IoT/M2Mはいいのですが。。。~忘れちゃいけない4つのポイント~


単刀直入ですが、製造業はIT技術の活用が遅れています。

近年、行政が叫ぶIoTの旗印、これがなかなか進みません。理由はいくつかあるのですが、IoTを叫ぶ行政自身が、具体的に何をして良いのかわからないこと、特に中小の製造業にはITに長けた人財が少ないこと、製造業のものづくりに関する知識とITの知識両方を備えた人財がなかなか育てられないこと、職人は特に新しい技術の受け入れに抵抗を感じること、、、。

今回私が紹介したいのは、製造業のIoTが進まない理由に関する点ではなく、IoTに踊らされている現場への警告とも取れる内容です。

とはいえ、あまり構えずにご参考までに読んでみてください。




Point1:すぐにIoT/M2Mにすがってはいけない!

昨今では、働き方改革をキーワードにして、製造業でも「何かして生産性を上げなければいけない」という風潮になってきました。

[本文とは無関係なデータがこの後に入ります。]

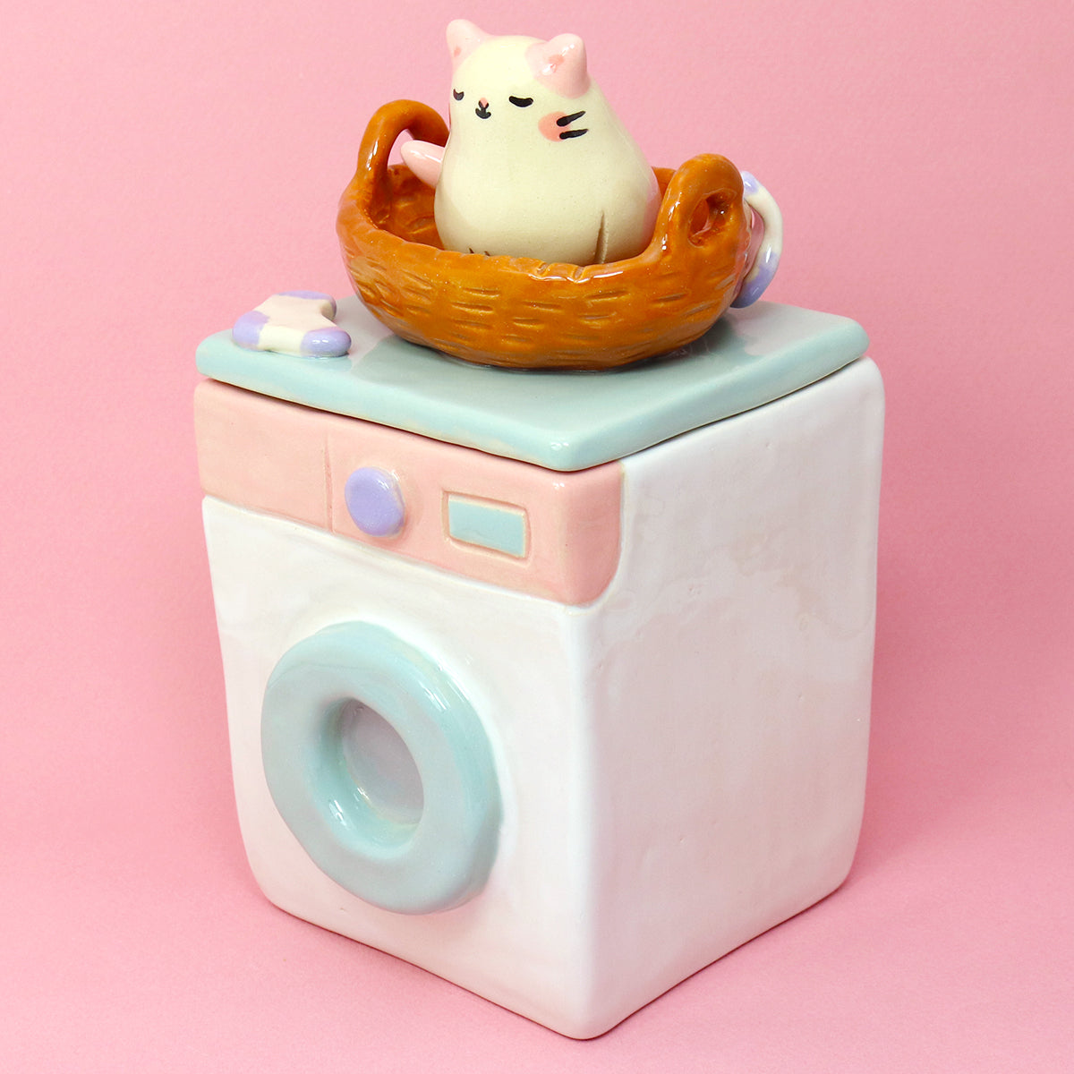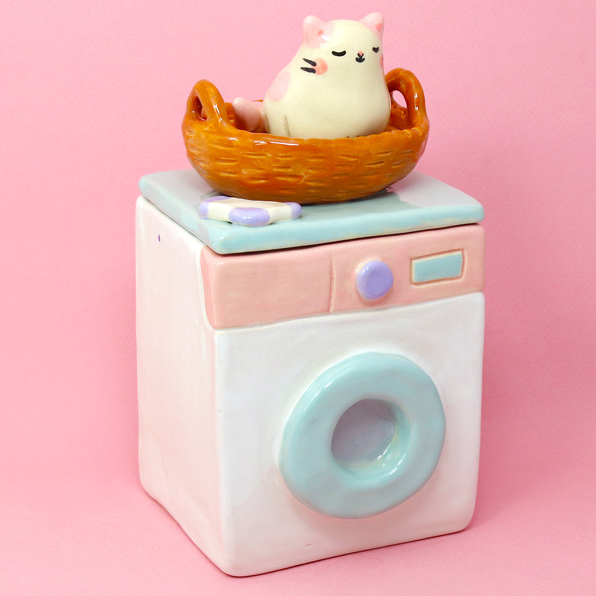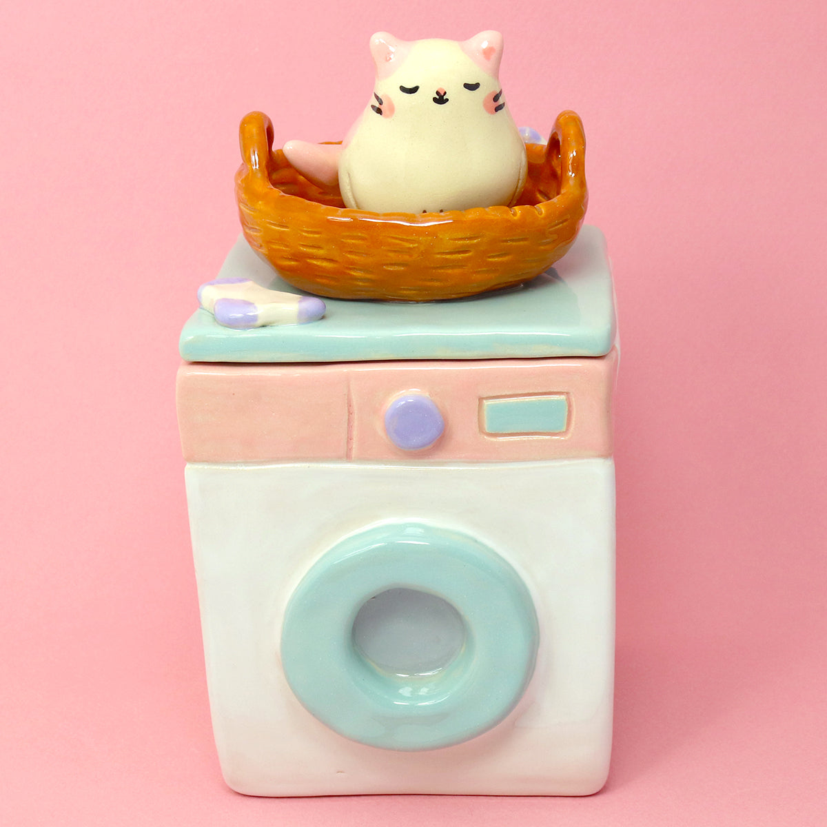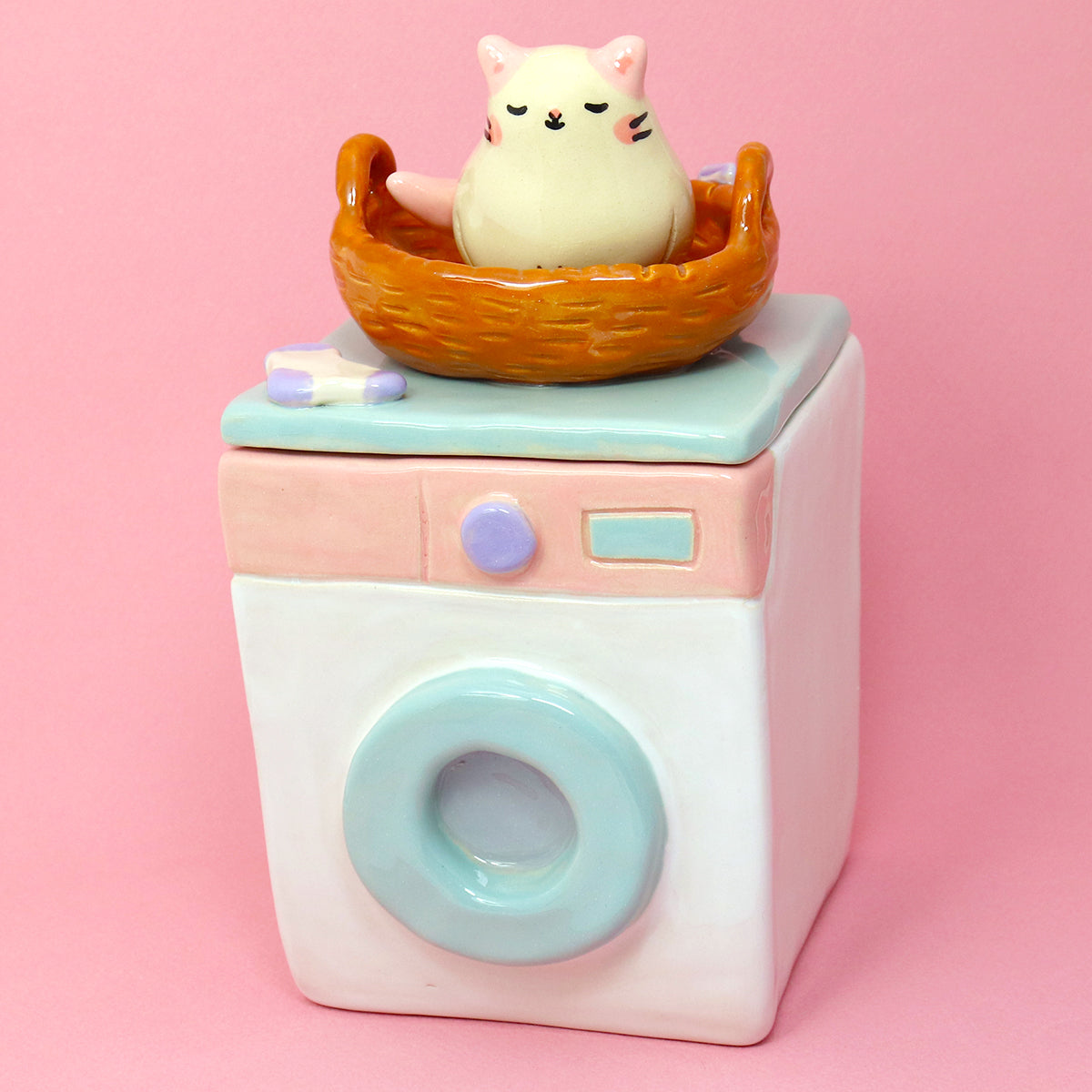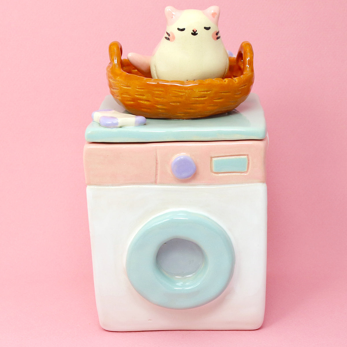 This piece is flawed, and is therefore lowered in price. There is a blue dot on the side of the washing machine and there are some tiny pinholes here and there. Honestly hardly noticable and still so cute! See last pictures for details :)

ただ、行政も含めて製造業の現場では、生産性を向上させるために具体的に何をどうやったら良いのかがわからないのが現状です。そこで、多くの人は『IoT/M2M』の言葉に跳び付いていたのです。最近ではその言葉が『AI』に変わりつつありますが、私から言わせれば

「AIなんてまだまだもっての外!」

という現場がほとんどです。もっと言えば、

「『IoT/M2M』もまだ早い!」

という現場もかなり多いと考えています。

先日、関西ものづくりワールドの中の「ものづくりAI/IoT展」に出展したときのことです。ナレッジを管理するシステムの説明をしたところ、

「その中身のナレッジをAIが作ってくれるわけじゃないんだ」

という衝撃の発言を受けました。そこで私はすかさず返しました。

「もしそうなったら、あなた要りませんよ(笑)」

難しい言葉を使うと、リテラシーとでも言うのでしょうか。IoT/M2Mを使おうとする日本企業の大部分を占める中小製造業の人間のレベルがこの程度では、日本のものづくり産業の発展は期待薄だなと思います。

その他にも、頻繁にいただく質問として、

「何かやらないと行き詰まるのはわかるのですが、IoT/M2Mって何ができるんでしょうか?」
「IoT/M2Mを導入するとどんな良いことがあるのでしょうか?」
「IoT/M2Mって言われてるので勉強がてらきたのですが、教えていただけますか?」

というものです。その質問に対する私の回答はいつも同じです。

「IoT/M2Mはただの一つの手段です」

このことを念頭に置いて話を進めたいと思います。

Point2:IoT/M2Mは何のため?

さて、IoT/M2Mに目が向いたということは、何かしらの問題を解決したいということが背景にあるのだと思います。ここでいくつかのパターンに分かれます。パターン別に解説していきましょう。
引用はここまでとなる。